=== Begin Enclosure ===
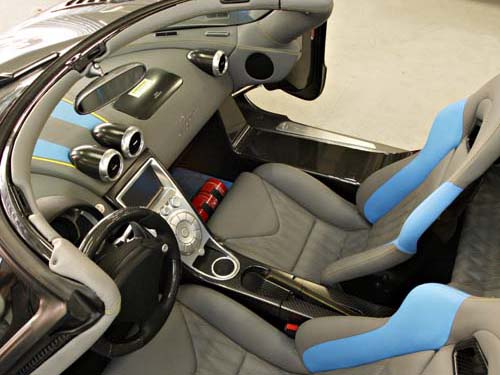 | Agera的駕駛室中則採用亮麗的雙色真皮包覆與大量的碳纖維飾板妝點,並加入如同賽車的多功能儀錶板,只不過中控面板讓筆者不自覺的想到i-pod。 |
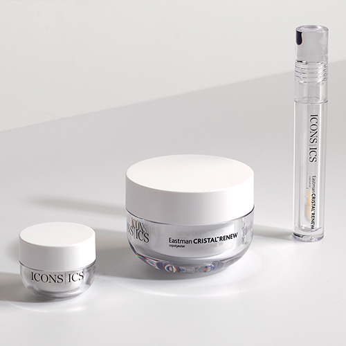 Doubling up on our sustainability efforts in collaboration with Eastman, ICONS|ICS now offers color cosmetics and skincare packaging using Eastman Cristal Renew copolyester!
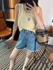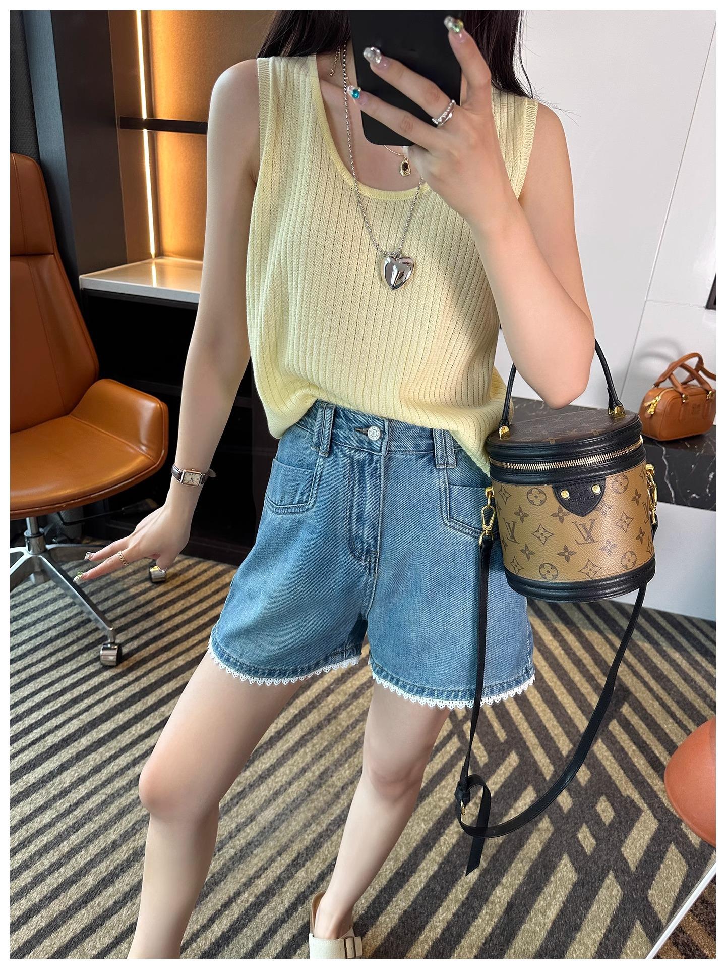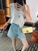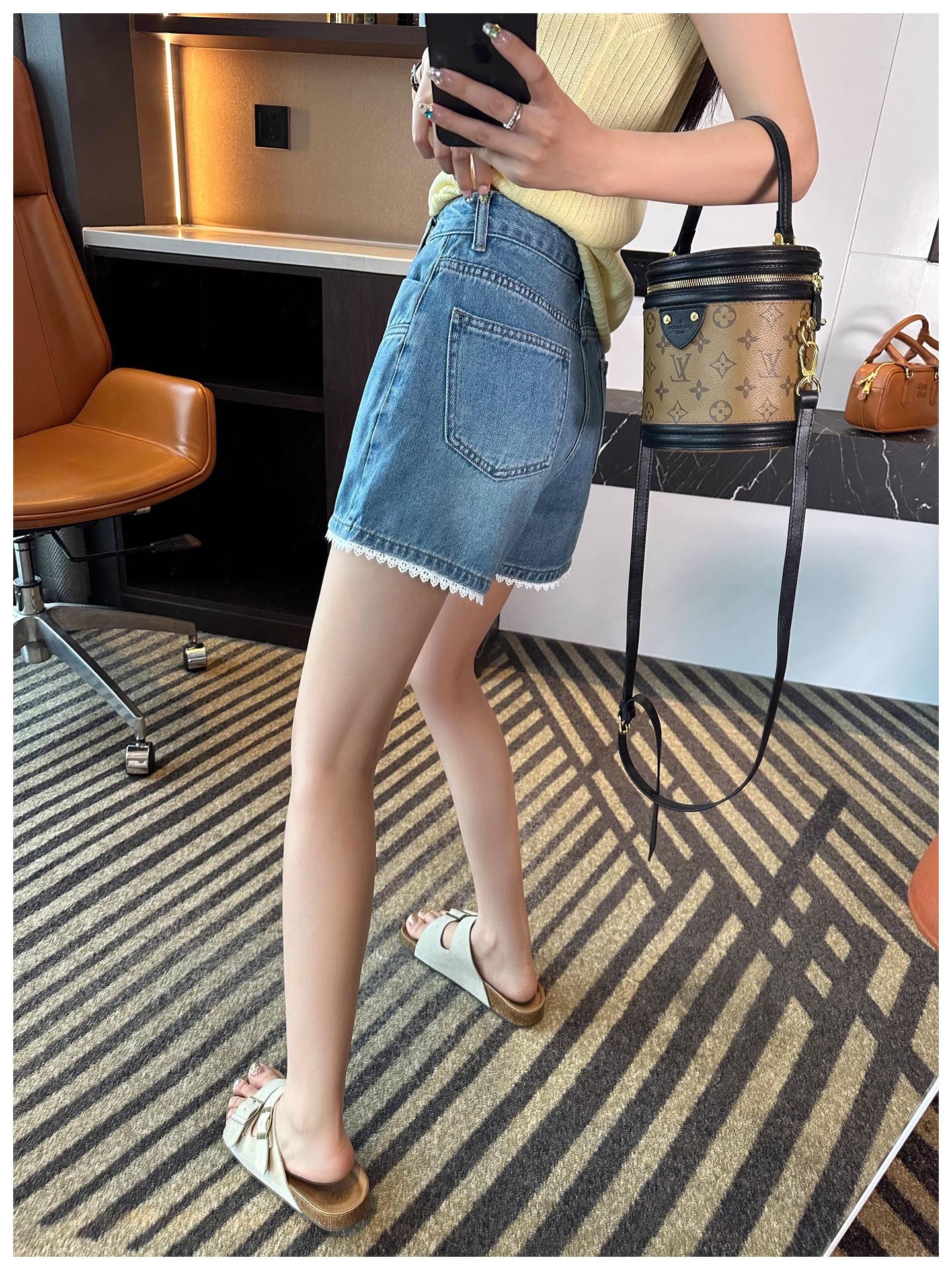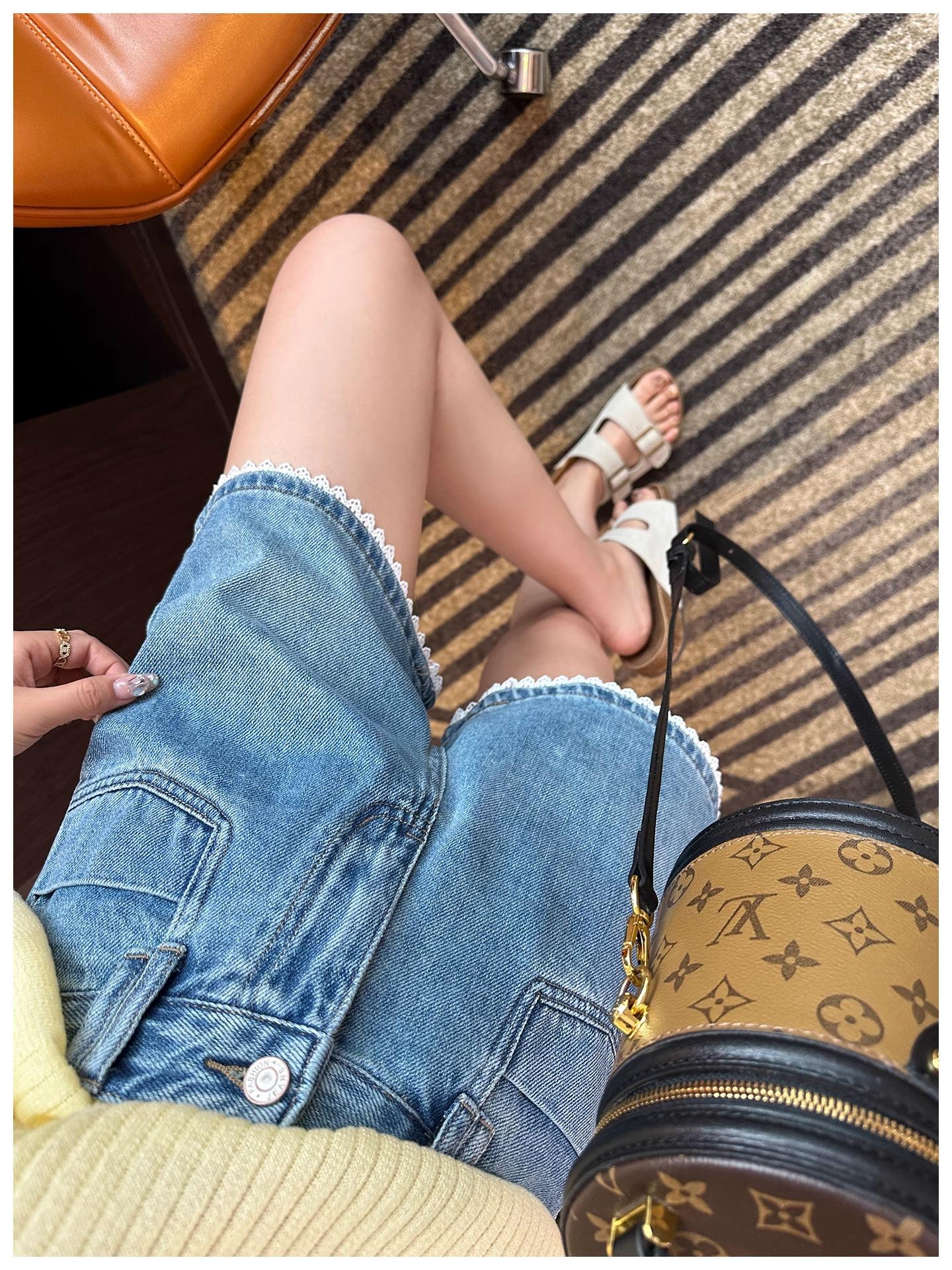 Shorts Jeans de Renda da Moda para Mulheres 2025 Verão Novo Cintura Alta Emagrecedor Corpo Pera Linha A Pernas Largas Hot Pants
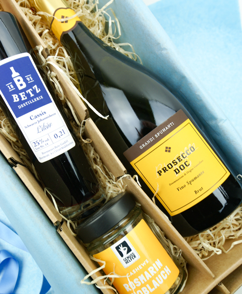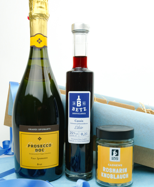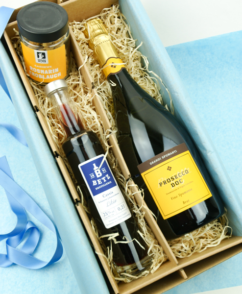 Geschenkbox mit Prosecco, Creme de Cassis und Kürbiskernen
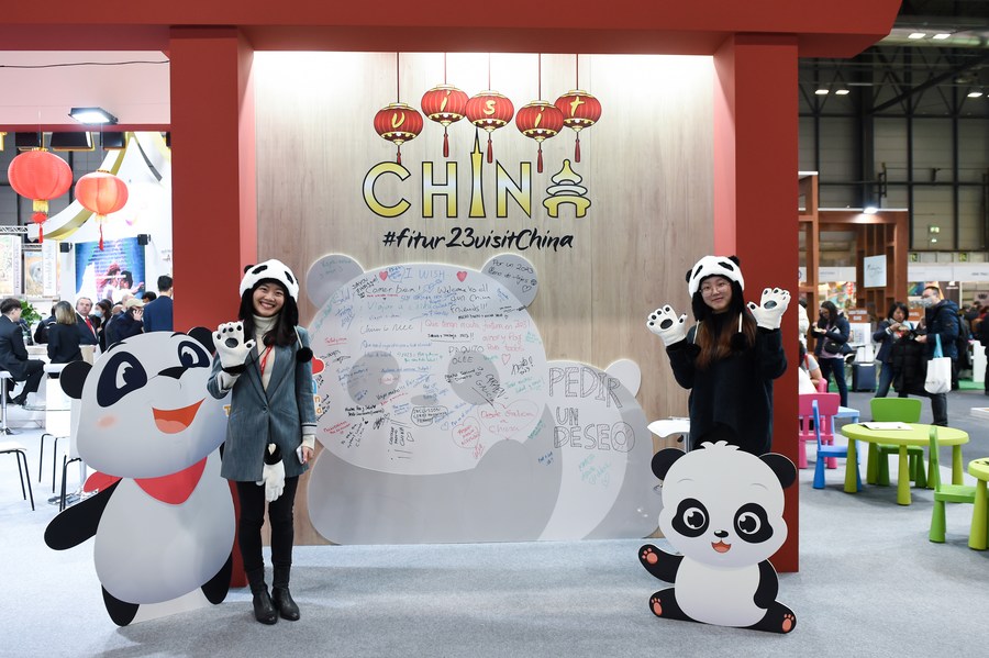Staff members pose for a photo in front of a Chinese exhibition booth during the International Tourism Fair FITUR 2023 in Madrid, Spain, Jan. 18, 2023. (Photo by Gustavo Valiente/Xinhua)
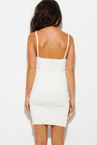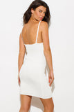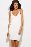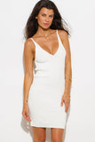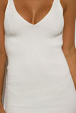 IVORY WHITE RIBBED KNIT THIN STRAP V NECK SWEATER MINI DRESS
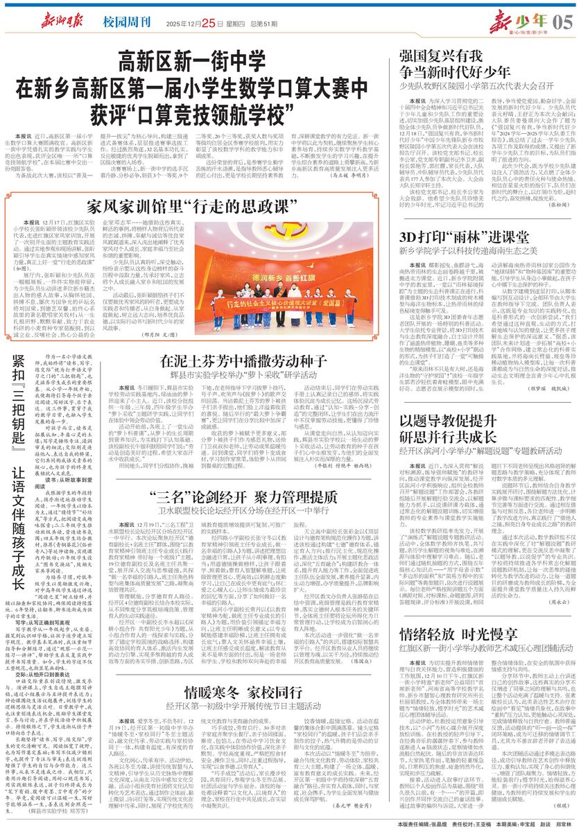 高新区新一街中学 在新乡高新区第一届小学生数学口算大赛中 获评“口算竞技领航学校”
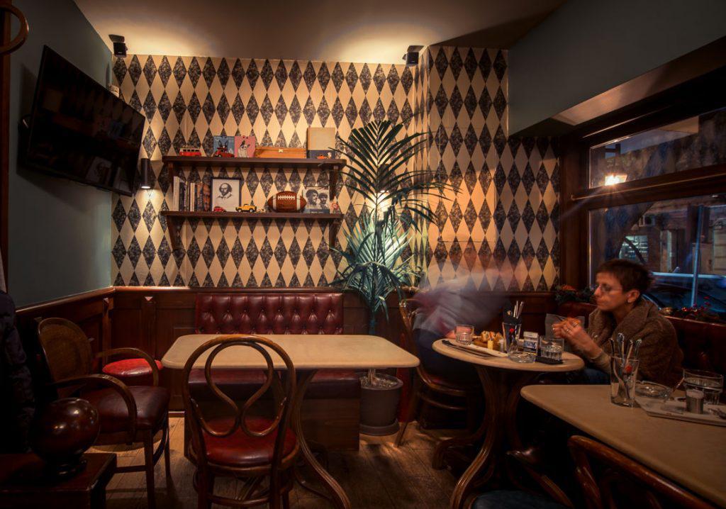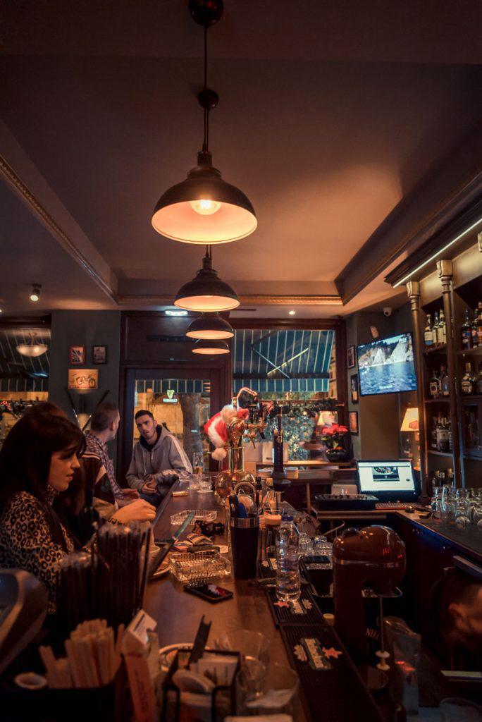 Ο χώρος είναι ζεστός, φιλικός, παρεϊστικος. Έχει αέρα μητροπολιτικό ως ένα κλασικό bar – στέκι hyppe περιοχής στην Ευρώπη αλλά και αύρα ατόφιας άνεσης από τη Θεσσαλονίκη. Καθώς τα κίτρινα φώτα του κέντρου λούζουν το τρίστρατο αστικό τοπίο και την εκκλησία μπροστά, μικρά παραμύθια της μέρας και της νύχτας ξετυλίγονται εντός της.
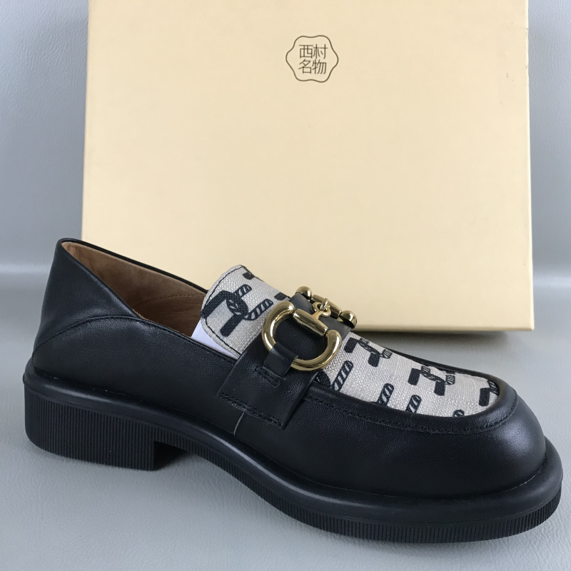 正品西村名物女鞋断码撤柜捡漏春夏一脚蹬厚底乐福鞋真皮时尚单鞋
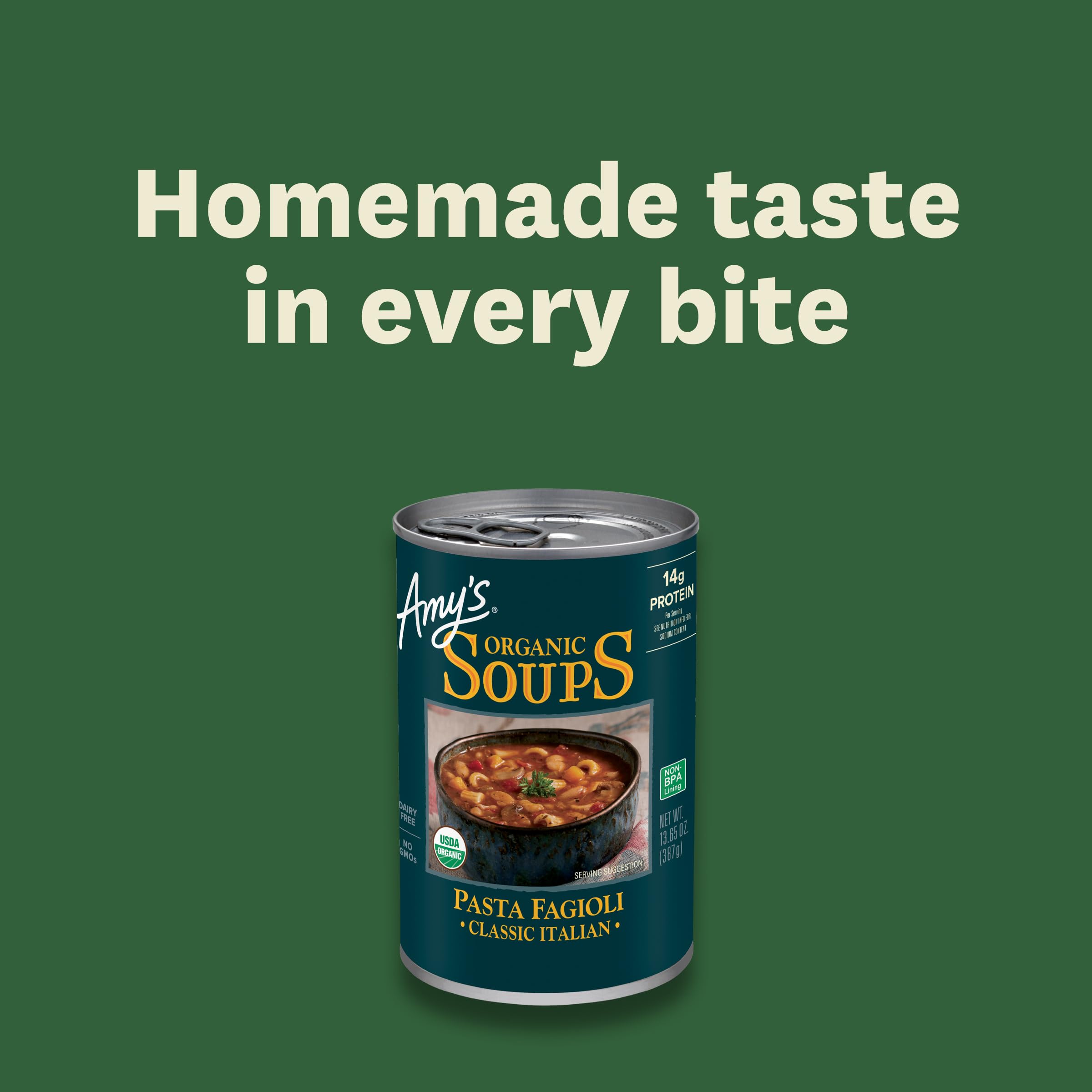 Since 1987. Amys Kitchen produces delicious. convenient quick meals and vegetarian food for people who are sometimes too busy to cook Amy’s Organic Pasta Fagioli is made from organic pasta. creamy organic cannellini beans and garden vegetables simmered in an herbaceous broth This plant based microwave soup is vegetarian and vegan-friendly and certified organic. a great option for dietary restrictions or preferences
=== End Enclosure ===
* Exercise goal *
Exclude the pictures, and transcribe all of the material exactly.

* Result *
 | Agera的駕駛室中則採用亮麗的雙色真皮包覆與大量的碳纖維飾板妝點,並加入如同賽車的多功能儀錶板,只不過中控面板讓筆者不自覺的想到i-pod。 |
 Doubling up on our sustainability efforts in collaboration with Eastman, ICONS|ICS now offers color cosmetics and skincare packaging using Eastman Cristal Renew copolyester!
 Shorts Jeans de Renda da Moda para Mulheres 2025 Verão Novo Cintura Alta Emagrecedor Corpo Pera Linha A Pernas Largas Hot Pants
 Geschenkbox mit Prosecco, Creme de Cassis und Kürbiskernen
Staff members pose for a photo in front of a Chinese exhibition booth during the International Tourism Fair FITUR 2023 in Madrid, Spain, Jan. 18, 2023. (Photo by Gustavo Valiente/Xinhua)
 IVORY WHITE RIBBED KNIT THIN STRAP V NECK SWEATER MINI DRESS
 高新区新一街中学 在新乡高新区第一届小学生数学口算大赛中 获评“口算竞技领航学校”
 Ο χώρος είναι ζεστός, φιλικός, παρεϊστικος. Έχει αέρα μητροπολιτικό ως ένα κλασικό bar – στέκι hyppe περιοχής στην Ευρώπη αλλά και αύρα ατόφιας άνεσης από τη Θεσσαλονίκη. Καθώς τα κίτρινα φώτα του κέντρου λούζουν το τρίστρατο αστικό τοπίο και την εκκλησία μπροστά, μικρά παραμύθια της μέρας και της νύχτας ξετυλίγονται εντός της.
 正品西村名物女鞋断码撤柜捡漏春夏一脚蹬厚底乐福鞋真皮时尚单鞋
 Since 1987. Amys Kitchen produces delicious. convenient quick meals and vegetarian food for people who are sometimes too busy to cook Amy’s Organic Pasta Fagioli is made from organic pasta. creamy organic cannellini beans and garden vegetables simmered in an herbaceous broth This plant based microwave soup is vegetarian and vegan-friendly and certified organic. a great option for dietary restrictions or preferences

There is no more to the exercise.